> **Material for this exercise**:
········
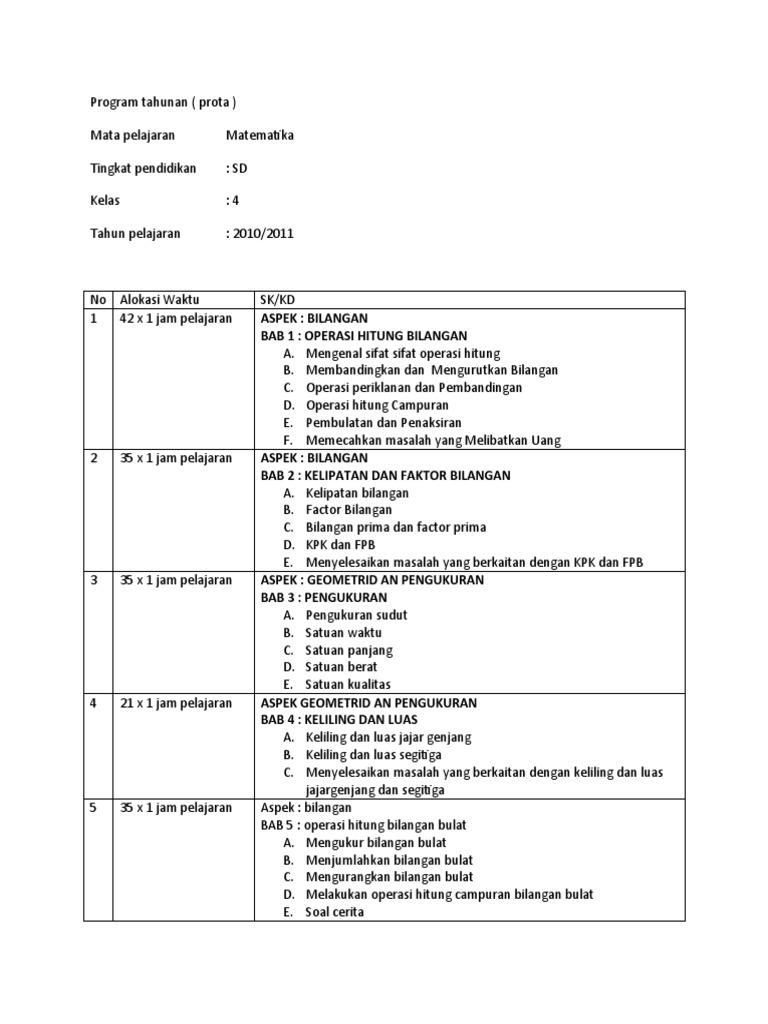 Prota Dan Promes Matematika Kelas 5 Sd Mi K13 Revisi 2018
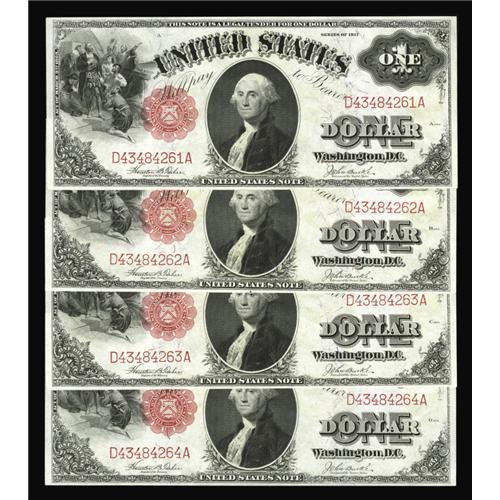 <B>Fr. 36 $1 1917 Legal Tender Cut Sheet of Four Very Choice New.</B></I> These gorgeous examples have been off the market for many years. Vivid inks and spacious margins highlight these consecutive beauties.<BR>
········
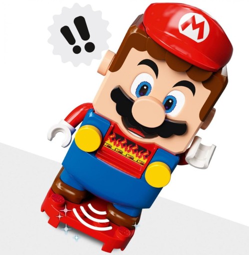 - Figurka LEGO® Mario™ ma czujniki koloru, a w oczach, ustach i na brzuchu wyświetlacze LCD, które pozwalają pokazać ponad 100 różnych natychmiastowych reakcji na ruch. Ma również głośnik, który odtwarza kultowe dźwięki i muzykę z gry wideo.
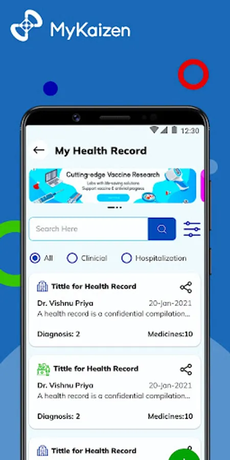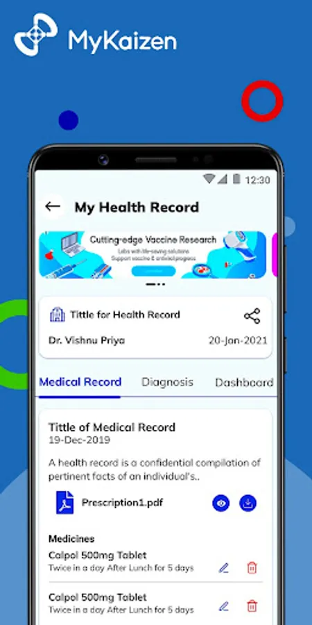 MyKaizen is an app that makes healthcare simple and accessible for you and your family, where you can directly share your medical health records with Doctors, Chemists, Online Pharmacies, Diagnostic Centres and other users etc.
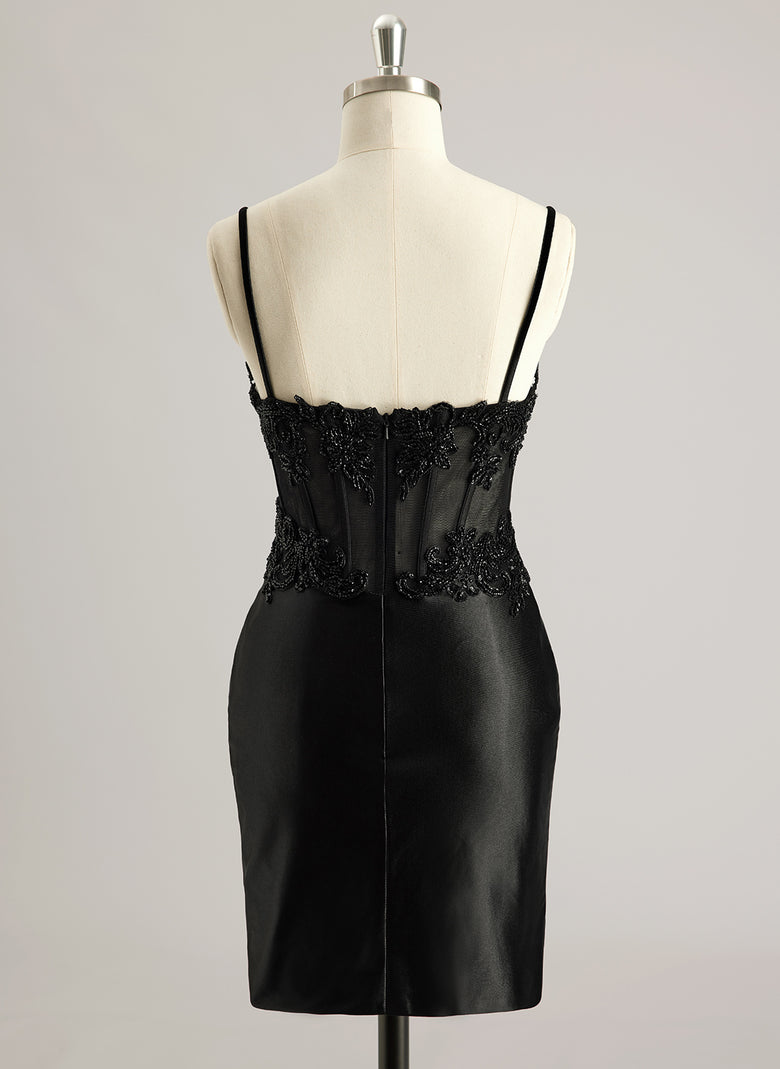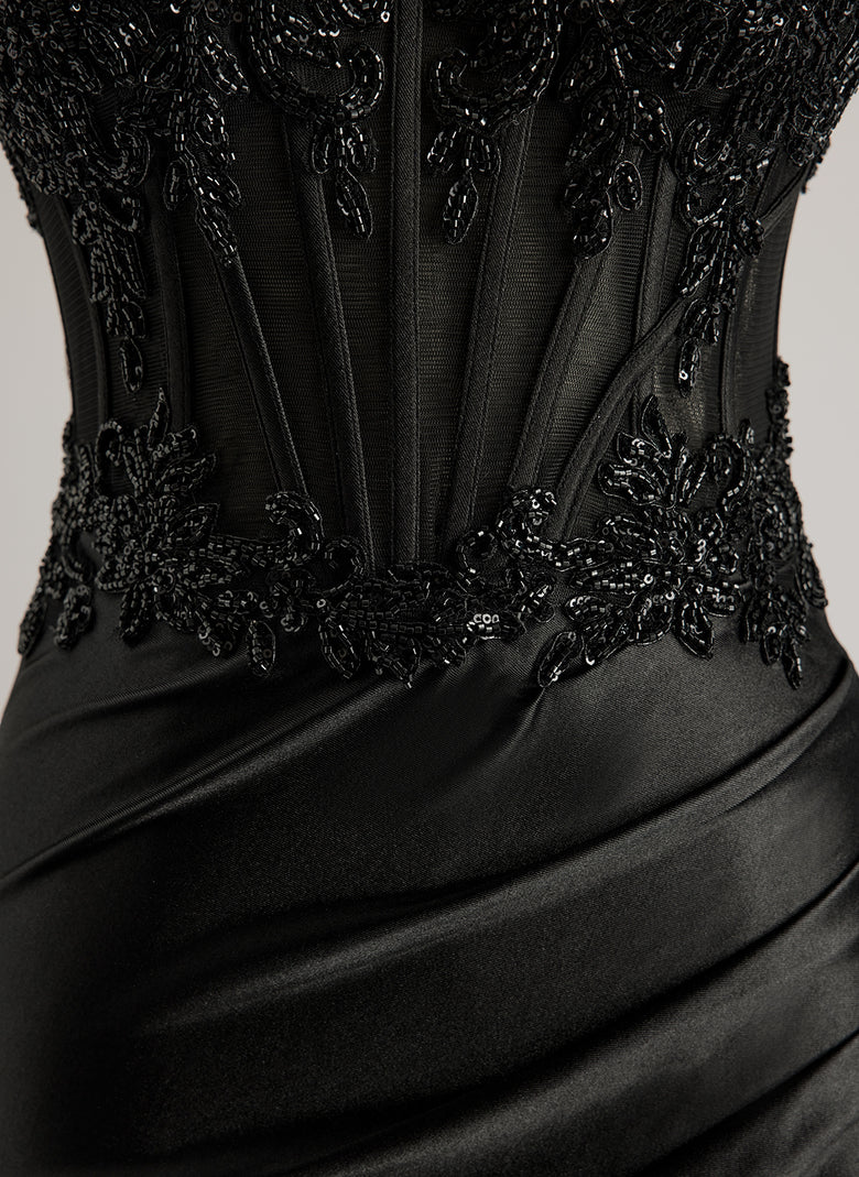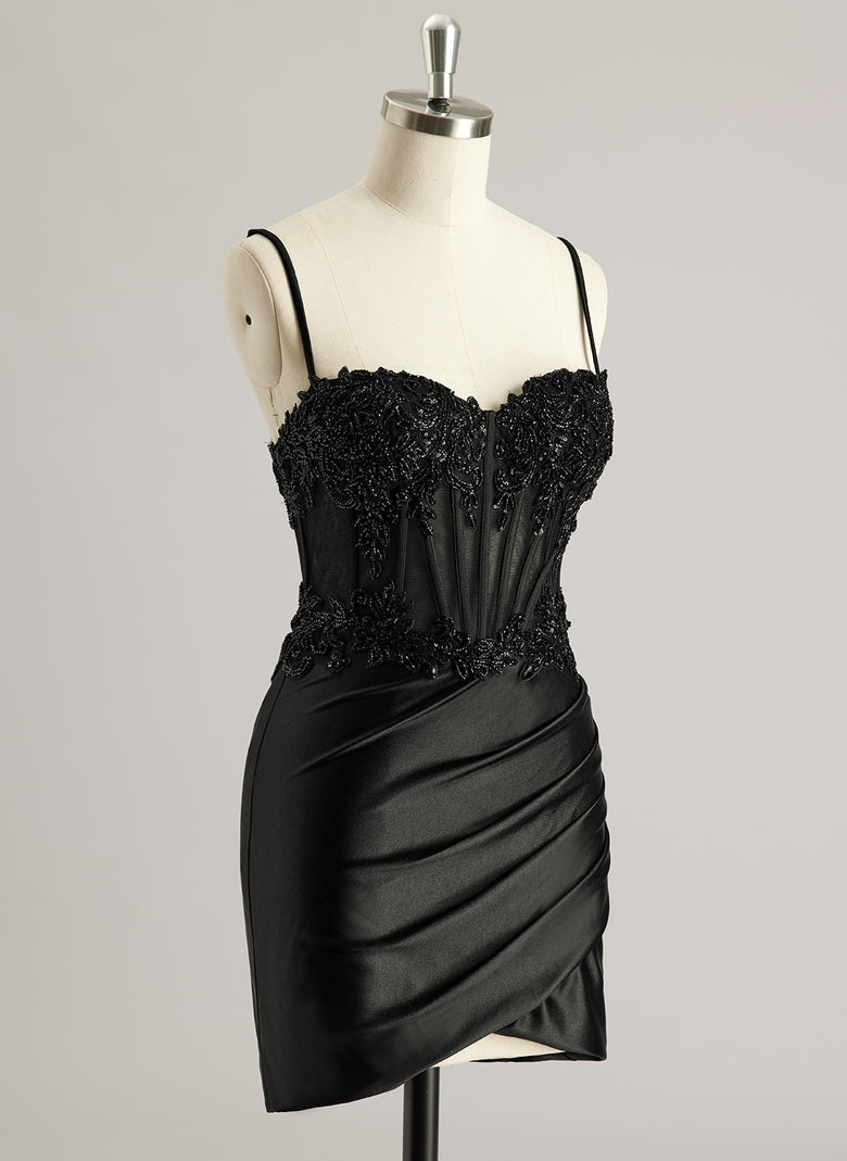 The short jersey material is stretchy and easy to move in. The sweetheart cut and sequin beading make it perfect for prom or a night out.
········
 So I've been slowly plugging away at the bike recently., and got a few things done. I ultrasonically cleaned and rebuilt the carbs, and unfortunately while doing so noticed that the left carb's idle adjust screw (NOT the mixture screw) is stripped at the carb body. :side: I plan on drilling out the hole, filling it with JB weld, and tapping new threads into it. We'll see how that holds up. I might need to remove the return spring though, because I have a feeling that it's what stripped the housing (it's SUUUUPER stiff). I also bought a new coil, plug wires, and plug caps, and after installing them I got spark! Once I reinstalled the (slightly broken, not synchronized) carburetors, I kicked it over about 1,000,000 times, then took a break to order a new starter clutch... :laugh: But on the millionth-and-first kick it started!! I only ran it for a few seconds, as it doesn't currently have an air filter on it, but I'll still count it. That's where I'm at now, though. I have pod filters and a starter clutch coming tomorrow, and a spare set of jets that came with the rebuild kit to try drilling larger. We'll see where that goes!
········
> **Instructions to follow**: Would you restate, exactly and with no pictures, the lines of the entries above from the one containing "MyKaizen is an" through the one containing "The short jersey"?

> **Solved exercise**:
 MyKaizen is an app that makes healthcare simple and accessible for you and your family, where you can directly share your medical health records with Doctors, Chemists, Online Pharmacies, Diagnostic Centres and other users etc.
 The short jersey material is stretchy and easy to move in. The sweetheart cut and sequin beading make it perfect for prom or a night out.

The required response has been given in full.